Five minutes later, Mimi, with Ava in her arms, invaded her sanctuary. “Let’s see what Mommy’s doing!” she caroled, swooping Ava into the air and then down toward the ground in a manner practically guaranteed to induce spit-up within five minutes.
At least that’ll get rid of the muffin,
Becky thought.

“We’re watering plants!” she said, squirting water in the air, watching as Ava tried to grab for it and frowned as the spray slipped through her fingers. Then she raised her dripping hand and tried to stick her thumb in her mouth. Mimi slapped it away.

“No, no thumb-sucking! Bad girl!”

Becky turned off the hose and began to pray.
God grant me the serenity to accept the things I cannot change, courage to change the things I can, and the patience not to strangle my mother-in-law, chop her into little pieces, and dump them down a sewer.
“Actually, Mimi, thumb-sucking’s okay.”

“Excuse me? That can’t be right. She’ll ruin her teeth!”

“That’s an old wives’ tale,” Becky said, feeling guilty for enjoying the way Mimi flinched at the word
old.

Mimi’s lips pursed. “If you’re sure,” she finally said.

“Yes, I’m positive,” Becky said, holding out her arms. “Let me change her.”

Becky carried Ava upstairs. Her diaper was dry, but she figured that one more minute of Mimi would cause her to do something she didn’t want her daughter to see.

She refastened Ava’s onesie, sank onto the rocker, and pulled up her shirt. Ava latched on eagerly. It had been less than an hour since she’d last eaten, but she seemed ravenous. Or maybe she just wanted some soothing. Mimi could put anyone on edge; why would a newborn be exempt?

Becky closed her eyes, rocking slowly, drifting into a doze as her baby nursed in her arms.

“Are you nursing?”

Becky lurched forward, jerked out of her nap. Ava’s eyes opened wide. She pulled away from the breast and started to cry.

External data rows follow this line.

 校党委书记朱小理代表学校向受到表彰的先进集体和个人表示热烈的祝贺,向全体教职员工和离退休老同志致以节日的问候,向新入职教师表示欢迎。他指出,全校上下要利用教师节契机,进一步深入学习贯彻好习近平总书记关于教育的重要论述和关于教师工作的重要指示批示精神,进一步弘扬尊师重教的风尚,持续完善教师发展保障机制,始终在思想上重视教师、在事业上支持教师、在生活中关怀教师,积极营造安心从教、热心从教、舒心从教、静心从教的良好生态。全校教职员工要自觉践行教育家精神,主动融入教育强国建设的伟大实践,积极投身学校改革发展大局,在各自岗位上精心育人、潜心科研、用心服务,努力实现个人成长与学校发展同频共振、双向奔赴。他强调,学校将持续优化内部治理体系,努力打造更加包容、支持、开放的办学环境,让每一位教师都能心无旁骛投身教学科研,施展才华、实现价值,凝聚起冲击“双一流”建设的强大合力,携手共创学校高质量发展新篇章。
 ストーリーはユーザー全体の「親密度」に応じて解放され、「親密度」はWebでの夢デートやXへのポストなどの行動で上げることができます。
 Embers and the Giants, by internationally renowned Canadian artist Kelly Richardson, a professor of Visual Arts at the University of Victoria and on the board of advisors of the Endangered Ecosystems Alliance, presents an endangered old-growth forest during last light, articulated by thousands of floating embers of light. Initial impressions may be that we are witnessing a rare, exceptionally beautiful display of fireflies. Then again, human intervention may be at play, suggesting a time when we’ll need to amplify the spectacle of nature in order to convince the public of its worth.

“We were,” Becky said pointedly, pulling her shirt down, patting Ava’s back until she belched.

“Oh, excuse YOU!” Mimi said.

Becky wiped the baby’s pursed pink lips with the corner of a receiving blanket and snuggled Ava against her.
It’s the best feeling in the world,
her own mother had said the first time she’d held Ava. Becky hadn’t believed her then—she’d been so scared of hurting the baby, who seemed like such a fragile, floppy thing that she’d start sweating before every diaper change. But now that Ava was holding her head up better, looking around and noticing things, now that she’d gotten over her baby acne, Becky loved to hold her. Ava’s skin was soft and sweet-smelling, her long-lashed gray-blue eyes and full pink lips the most beautiful things she’d ever seen. She could spend hours kissing the back of Ava’s neck or nuzzling her head, still completely bald, the skin so pale that she could trace the veins that ran beneath it.

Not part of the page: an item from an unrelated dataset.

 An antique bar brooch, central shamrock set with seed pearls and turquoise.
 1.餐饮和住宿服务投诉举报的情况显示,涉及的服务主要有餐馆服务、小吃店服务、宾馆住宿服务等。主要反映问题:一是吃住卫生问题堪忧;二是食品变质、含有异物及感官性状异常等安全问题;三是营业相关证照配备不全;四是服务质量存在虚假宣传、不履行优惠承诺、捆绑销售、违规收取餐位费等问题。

“We’re going to take a little nap,” Becky told Mimi. Without waiting for a response, she settled the baby into her crib and went to the bedroom, where she slipped off her shoes, pulled down the shades, and gazed at the skylight she and Andrew had installed during the halcyon days before Mimi had moved to town. She called Andrew’s office, then his cell phone, and when he didn’t answer either one, she did the thing she’d long resisted, the thing she despised Mimi for doing with such regularity. She paged him.
Yes, please, could you ask him to call home? No, no, not an emergency. It’s just his wife.
Thirty seconds later, the phone was ringing. Becky lunged for it. She was fast, but Mimi was faster.

“Andrew! What a nice surprise!”

“Hi, Mom. Is Becky there?”

“I imagine,” Mimi purred. “But don’t you have a minute to talk to your old mom?”

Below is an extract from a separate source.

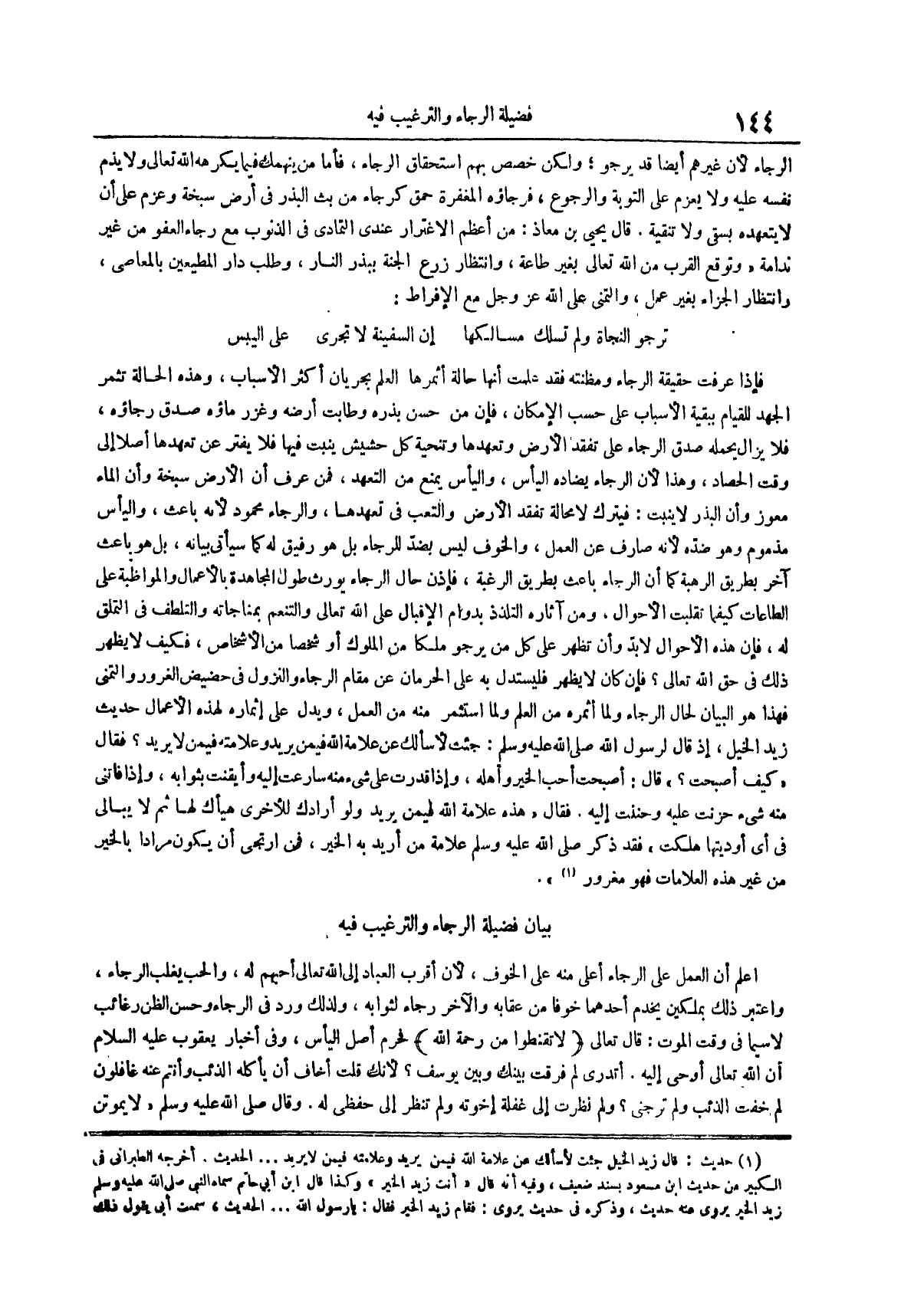 فإذا عرفت حقيقة الرجاء ومظنته فقد علمت أنها حالة أثمرها العلم بجريان أكثر الأسباب وهذه الحالة تثمر الجهد للقيام ببقية الأسباب على حسب الإمكان فإن من حسن بذره وطابت أرضه وغزر ماؤه صدق رجاؤه فلا يزال يحمله صدق الرجاء على تفقد الأرض وتعهدها وتنحية كل حشيش ينبت فيها فلا يفتر عن تعهدها أصلاً إلى وقت الحصاد وهذا لأن الرجاء يضاده اليأس واليأس يمنع من التعهد فمن عرف أن الأرض سبخة وأن الماء معوز وأن البذر لا ينبت فيترك لا محالة تفقد الأرض والتعب في تعهدها والرجاء محمود لأنه باعث واليأس مذموم وهو ضده لأنه صارف عن العمل والخوف ليس بضد للرجاء بل هو رفيق له كما سيأتي بيانه بل هو باعث آخر بطريق الرهبة كما أن الرجاء باعث بطريق الرغبة فَإِذَنْ حَالُ الرَّجَاءِ يُورِثُ طُولَ الْمُجَاهَدَةِ بِالْأَعْمَالِ وَالْمُوَاظَبَةِ عَلَى الطَّاعَاتِ كَيْفَمَا تَقَلَّبَتِ الْأَحْوَالُ وَمِنْ آثَارِهِ التَّلَذُّذُ بِدَوَامِ الْإِقْبَالِ عَلَى اللَّهِ تَعَالَى والتنعم بمناجاته وَالتَّلَطُّفُ فِي التَّمَلُّقِ لَهُ فَإِنَّ هَذِهِ الْأَحْوَالَ لابد وَأَنْ تَظْهَرَ عَلَى كُلِّ مَنْ يَرْجُو مَلِكًا مِنَ الْمُلُوكِ أَوْ شَخْصًا مِنَ الْأَشْخَاصِ فَكَيْفَ لَا يَظْهَرُ ذَلِكَ فِي حَقِّ اللَّهِ تَعَالَى فَإِنْ كَانَ لَا يَظْهَرُ فَلْيُسْتَدَلَّ بِهِ عَلَى الْحِرْمَانِ عَنْ مَقَامِ الرَّجَاءِ وَالنُّزُولِ فِي حَضِيضِ الغرور والتمني فهذا هو البيان لحال الرجاء ولما أثمره من العلم ولما استثمر منه من العمل ويدل على إثماره لهذه الأعمال حديث زيد الخيل إذ قَالَ لِرَسُولِ اللَّهِ صَلَّى اللَّهُ عَلَيْهِ وَسَلَّمَ جئت لأسألك عن علامة الله فيمن لا يريد وعلامته فيمن لا يريد فقال كيف أصبحت قال أصحبت أحب الخير وأهله وإذا قدرت على شيء منه سارعت إليه وأيقنت بثوابه وإذا فاتني منه شيىء حزنت عليه وحننت إليه

Becky hung up the phone and balled her hands into fists.
God grant me the serenity to accept the things I cannot change…
Ten minutes later, Mimi was screaming up the stairs. “BeckEEEE! My son wants to talk to you!”

The baby started crying. “Tell him I’ll call him back,” Becky called, and went into Ava’s room, where she spent ten minutes easing the baby back into sleep. When she called Andrew’s cell phone again, he picked it up.